How to classify text using neural network?

S

skiesx2016-11-25 22:04:08

Python

skiesx, 2016-11-25 22:04:08

Good day to all. There is a text (messages) and you need to classify them.
For example this fits:

Good evening. I am looking for a makeup artist for Sunday. Thank you.

Tonight you need to install a TV on the wall. Help the masters????)))))

Good afternoon! Dear parents, please tell me a good orthopedist!

But this doesn't work anymore:

Hello. Do we sell such garlands?

Please tell me where (not necessarily on the LCD) there is a good atelier. I need to change the fasteners on the fur coat.

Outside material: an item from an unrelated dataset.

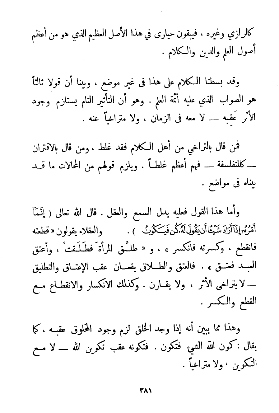 كالرَّازِي وَغَيْرِهِ فَيَبْقَوْنَ حَيَارَى فِي هَذَا الْأَصْلِ الْعَظِيمِ الَّذِي هُوَ مِنْ أَعْظَمِ أُصُولِ الْعِلْمِ وَالدِّينِ وَالْكَلَامِ. وَقَدْ بَسَطْنَا الْكَلَامَ عَلَى هَذَا فِي غَيْرِ مَوْضِعٍ وَبَيَّنَّا أَنَّ قَوْلًا ثَالِثًا هُوَ الصَّوَابُ الَّذِي عَلَيْهِ أَئِمَّةُ الْعِلْمِ. وَهُوَ أَنَّ التَّأْثِيرَ التَّامَّ يَسْتَلْزِمُ وُجُودَ الْأَثَرِ عَقِبَهُ لَا مَعَهُ فِي الزَّمَانِ وَلَا مُتَرَاخِيًا عَنْهُ. فَمَنْ قَالَ بِالتَّرَاخِي مِنْ أَهْلِ الْكَلَامِ فَقَدْ غَلِطَ وَمَنْ قَالَ بِالِاقْتِرَانِ كالمتفلسفة فَهُمْ أَعْظَمُ غَلَطًا. وَيَلْزَمُ قَوْلُهُمْ مِنْ الْمُحَالَاتِ مَا قَدْ بَيَّنَّاهُ فِي مَوَاضِعَ. وَأَمَّا هَذَا الْقَوْلُ فَعَلَيْهِ يَدُلُّ السَّمْعُ وَالْعَقْلُ. قَالَ اللَّهُ تَعَالَى {إنَّمَا أَمْرُهُ إذَا أَرَادَ شَيْئًا أَنْ يَقُولَ لَهُ كُنْ فَيَكُونُ} . وَالْعُقَلَاءُ يَقُولُونَ " قَطَّعْته فَانْقَطَعَ وَكَسَّرْته فَانْكَسَرَ " و " طَلَّقَ الْمَرْأَةَ فَطَلَقَتْ وَأَعْتَقَ الْعَبْدَ فَعَتَقَ ". فَالْعِتْقُ وَالطَّلَاقُ يَقَعَانِ عَقِبَ الْإِعْتَاقِ وَالتَّطْلِيقِ لَا يَتَرَاخَى الْأَثَرُ وَلَا يُقَارَنُ. وَكَذَلِكَ الِانْكِسَارُ وَالِانْقِطَاعُ مَعَ الْقَطْعِ وَالْكَسْرِ. وَهَذَا مِمَّا يُبَيِّنُ أَنَّهُ إذَا وُجِدَ الْخَلْقُ لَزِمَ وُجُودُ الْمَخْلُوقِ عَقِبَهُ كَمَا يُقَالُ: كَوْنُ اللَّهِ الشَّيْءَ فَتَكُونُ. فَتَكُونُهُ عَقِبَ تَكْوِينِ اللَّهِ لَا مَعَ التَّكْوِينِ وَلَا مُتَرَاخِيًا.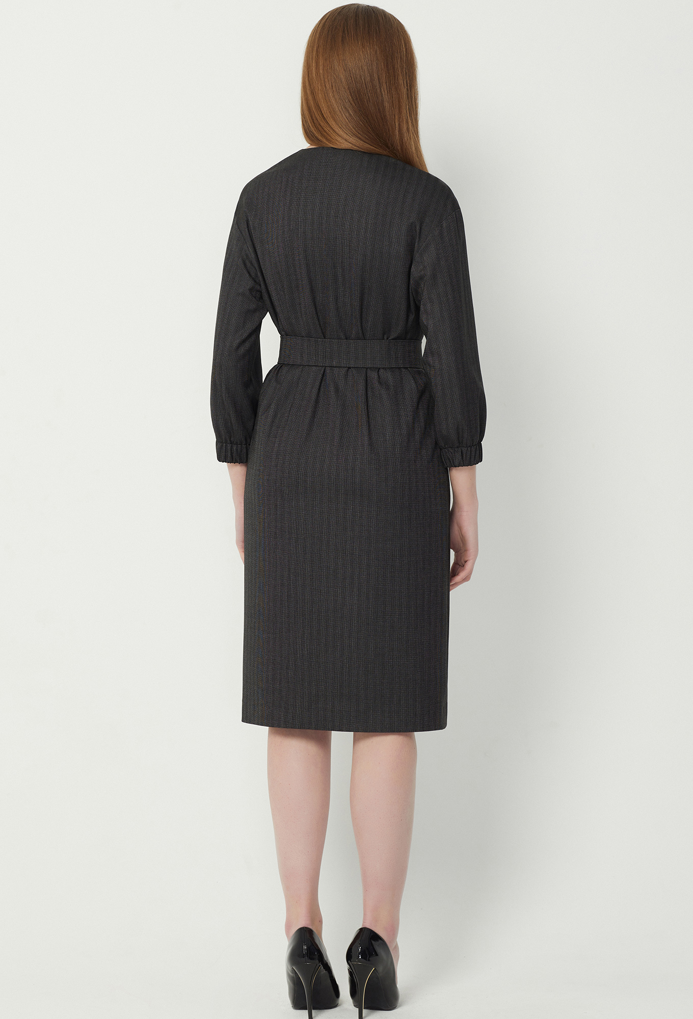 Модель: Базалини 4270 т.серый Рос..показатьт: 170 см (девушка на фото ростом 170см) Сезон: Круглогодичный Тип ткани: 65% полиэстер, 32% вискоза, 3% спандексПлатье прямого, со спущенной линией плеча. Перед с однобортной застежкой на петли и пуговицы, V-образным вырезом горловины и двумя нагрудными вытачками. Рукава одношовные, по нижнему срезу собраны на резинку. Боковые швы с функциональными карманами. Дополняется поясом с пряжкой из основной ткани.

1. It is necessary to understand whether it is suitable at all, that is, whether they are looking for some kind of person, a master. If something else, then it does not fit.
2. It is necessary to determine what type the message belongs to, what category, for example - medicine, beauty, cleaning, like that.
As I understand it, you need to create a neural network with a teacher. Feed her such messages and correct until the weights are adjusted more normally.
Please let me know if there is a solution to this problem somewhere. Preferably some kind of library in python. To teach her and then she will correctly classify the text. Thanks in advance.

Reply

Answer the question

In order to leave comments, you need to log in

5 answer(s)

R

Roman Mirilaczvili, 2016-11-26
@2ord

If there is little more than zero knowledge in computational linguistics, then the problem will not be solved soon ...
For some reason, the vast majority of developers amuse themselves with the hope that neural networks will magically solve any problem in the field of artificial intelligence.
And what examples to train a neural network? After all, not in plain text ... Like, you say to neural networks: "look, a person was mentioned here." So what? For a computer, text is just a sequence of bytes, so it cannot understand what is of interest to us humans. The computer needs to chew everything and explain it in the language of numbers.
After all, how do native speakers understand that the text is about people? There is a set of memorized words (dictionary) that a person, having read or heard, compares with his vocabulary and then decides which category the word belongs to in this context.
In order to understand, after analyzing the text, that “they are looking for some kind of person, masters”, it is necessary to isolate some key words taken from the dictionary: “I am looking for”, “help”, “prompt”, “advise”, “required”, etc. in combination with the mention of people (synonyms) and professions (professional dictionary).
A neural network is not needed at this stage. It will help in the classification when working with numbers, facts (Boolean logic). So before analyzing the text, you need to extract facts and connections from the text and then feed them to the classifier. In addition to neural networks, there are other types of classifiers that are simpler and easier to use, such as the Bayesian classifier . Neural networks can be both with training and without.
As an introductory part, it makes sense to start with the lecture Yandex - Small ShAD - Linguistics in Search.pdf
For the practical part: What is the Tomita-parser, how Yandex can be used with it ...
Perhaps the problem is solved easier and without neural networks.

A

Arseny Kravchenko, 2016-11-26
@Arseny_Info

1) Clean up the data (remove stop words, special characters, normalize, etc.)
2) Vectorize the data (bag of words, tf-idf, n-grams... )
3) Divide the sample into train/test .
4) Actually, train the classifier (don't start with neural networks, start with something simpler like random forest).
5) Do cross-validation, be horrified by the result, start fixing problems at every step.
A very basic tutorial scikit-learn.org/stable/tutorial/text_analytics/wo... Much less basic is nlp.stanford.edu/IR-book/.

R

rPman, 2016-11-25
@rPman

The text itself in its pure form is not suitable for the input of neural networks, you need criteria, the number of which does not change from test to test and the value of which is normalized (is within the limits, usually 0..1 or even -1.. +1) , criteria by values (stupid enum enumerations) can be either one criterion with fixed values (bad option, suitable for criteria that can be compared) or it can be vectors, the values \u200b\u200bof which are 0 and one of the elements is 1. The same requirements for the results of the neural network (with enums it's usually a probability vector)
Criteria for texts can be either a simple presence of keywords or phrases, or such unusual ones as the number of characters between punctuation marks, their number, the number of characters / words before a punctuation mark (for example, a question), etc. even the number of syntax errors is also a good criterion.
This is if you reinvent the wheel. I can’t tell you about existing solutions, as I haven’t done it myself yet.

X

xmoonlight, 2016-11-26
@xmoonlight

I

it2manager, 2016-11-29
@it2manager

To solve your problem, you need to study the Bayesian algorithm ( bazhenov.me/blog/2012/06/11/naive-bayes) and use the pymorphy2 library to highlight the normal form of words. Everything is implemented in a couple of days on phyton. Works with an accuracy of up to 90%, in the cases that you described.
P/S/ It works for us to automatically classify requests from users :) The classifier is quite branched. We did not use ready-made libraries for the algorithm - we wanted to play around ourselves. SQLlite is used as a database.